A short and simple-to-answer gastrointestinal symptom questionnaire was developed as a tool to measure adverse-effects for use in intervention studies with oral iron and especially when ferrous sulphate comprises one study arm. The present small study aimed to show where the questionnaire had discriminatory power: i.e. which symptoms are more sensitive to oral ferrous sulphate therapy. The questionnaire was filled in by the study participants during the 7-days of the treatment period and the 7-days of the wash-out period and was discriminant in the total number of reported symptoms per participant between the iron and the placebo groups. Additionally, it showed that the individual symptoms that were significantly more sensitive to the oral iron treatment were heartburn, abdominal pain and the presence of black stools.

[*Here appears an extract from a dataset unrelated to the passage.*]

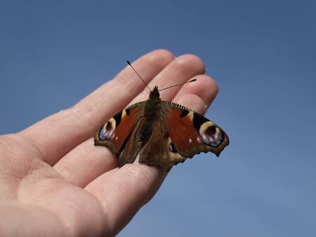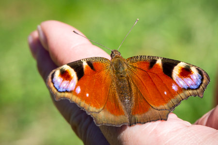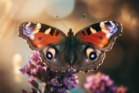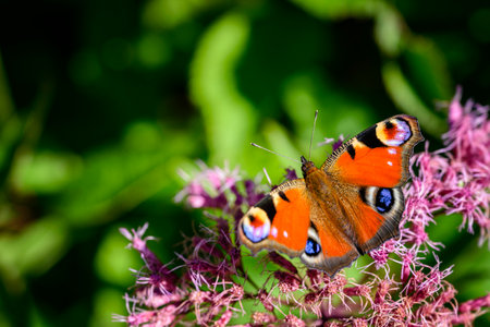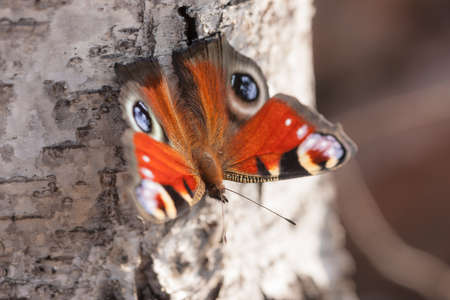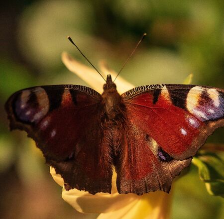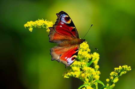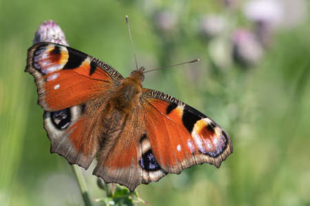 A colorful butterfly of the Nymphalidae peacock in a natural habitat.

Although there has been concern that black stools caused by oral iron may mask black stools caused by gastrointestinal blood loss, it is not per se an adverse-effect related to symptoms but, rather, it represents the formation of iron sulphide in the colon due to bacterial activity. However, it could be useful as a marker of the change in bacterial flora (i.e. an increase in sulphate-reducing bacteria at the expense of beneficial bacterial genus such as lactobacilli) in future intervention studies with oral iron and this could be further investigated.

Despite the uncomplicated format of the questionnaire, a large amount of data is generated. For example, in this small study, 20 participants provided 14 days of questionnaire each (i.e. 280 questionnaires) with 28 pieces of information per questionnaire: this represents 7,840 pieces of data recorded, for most, in a categorical format, for some in a binary form, and for others in a continuous format.

To facilitate analysis, the main outcomes were restricted to binary events (e.g. presence and absence of symptoms), and the categorisation of their severity was only focussed on data collected from boxes C, H and I of the questionnaire. Clearly, in future studies that utilise this questionnaire, researchers will need to determine whether (a) they collect all data or simplify the questionnaire even further so that only C, H and I are used and (b) if they collect all, how it should be best analysed.Finally, whether the whole questionnaire (Figure 1) is used, or a short version with only boxes C, H and I, a comments box may be a useful addition for patients/participants to provide detail that may inform upon their responses.